As a professional anarcho-activist, McHenry leads an alternately hardscrabble and comfortable life. Although he slept outside with the occupiers here in Orlando, he also spoke at an event hosted by Amnesty International at the University of Central Florida, for which he was compensated handsomely.“Honorariums have been around $500 this year, which is better than it has been,” he says. “Last year, I was really struggling to get $250 from clubs.”
And now, an update from theOrlando professional sports world, where so much has happened – amid nothing happening! Let us explain. On the one hand, there is no actual sporting going on whatsoever. The Orlando City Soccer Club is in its off-season, Major League Baseball’s spring training is still months away (duh) and the Orlando Magic’s players, along with all others in the NBA, are still unable to extract themselves from a disagreement with team owners over how much cash in which they’ll get to swim.
Yet at the same time, there is plenty shaping the professional sports world outside of the courts, fields and Dwight Howard’s shoulders.

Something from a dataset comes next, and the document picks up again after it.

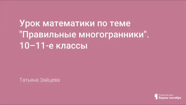 Урок изучения и первичного закрепления новых знаний для учащихся 10-11-х классов общеобразовательных школ и учащихся профессионально-технических училищ. Изучение нового материала проходит с привлечением презентации, содержащей материал о правильных многогранниках, их особенностях, свойствах, сведения из истории, примеры правильных многогранников из окружающего мира и раздаточных материалов для решения задач по готовым чертежам.

Take Nov. 16, the day after the NBA Players Association announced that it would be disbanding and decertifying so that it could proceed with an antitrust suit. It was then that Mayor Buddy Dyer positioned himself as a rock of stability in a cold, barren world without overpaid basketball players: Along with the city’s Community Food & Outreach Center, he nobly offered to provide the families of arena workers unable to work due to the basketball contract debacle the meager crumbs that would normally come from their low-wage paychecks. “[It’s an] aggressive campaign … to help provide food for hungry families in Central Florida, rally community volunteers and help the thousands of families who are in need due to the NBA Lockout,” read the statement from the mayor’s office, bereft of any detail quantifying or qualifying the effort. What we did get out of it, however, was this advice to our homeless population: When a cop bothers you, tell them you’re sleeping outside because of the NBA lockout. Works like a charm!
Meanwhile, the Orlando Magic – a name that currently signifies everybody but the players, get used to it – announced on Nov. 16 that it had already done some volunteer teaching at a staggering 65 schools in Orange County. (We’re sure the students were thrilled to finally meet Magic V.P. of Community Relations/Government Affairs Linda Landman Gonzalez.) Like Dyer, the Magic wanted to clue us in to its civic-mindedness – the organization has performed nearly 30,000 hours of community service since its inception in July 2006, according to its own glowing estimates. How sweet of them! But wait, what’s this? “[The Magic Volunteer Program] is unique in that it allows employees to volunteer during work hours.” So is this community service or boredom? Sigh.
There was at least one piece of good news that came out of Orlando last Wednesday: we’ll be getting a hockey team! Sure, it’s not an NHL team – it’s part of the third-tier East Coast Hockey League – and sure, it’s the Solar Bears, a team we were glad to see die a decade ago simply because of the name and logo, but at least that giant electricity bill at the Amway Center won’t go to waste this fall. Oh, sorry, yes it will – the Solar Bears aren’t playing until 2012. Happy holidays!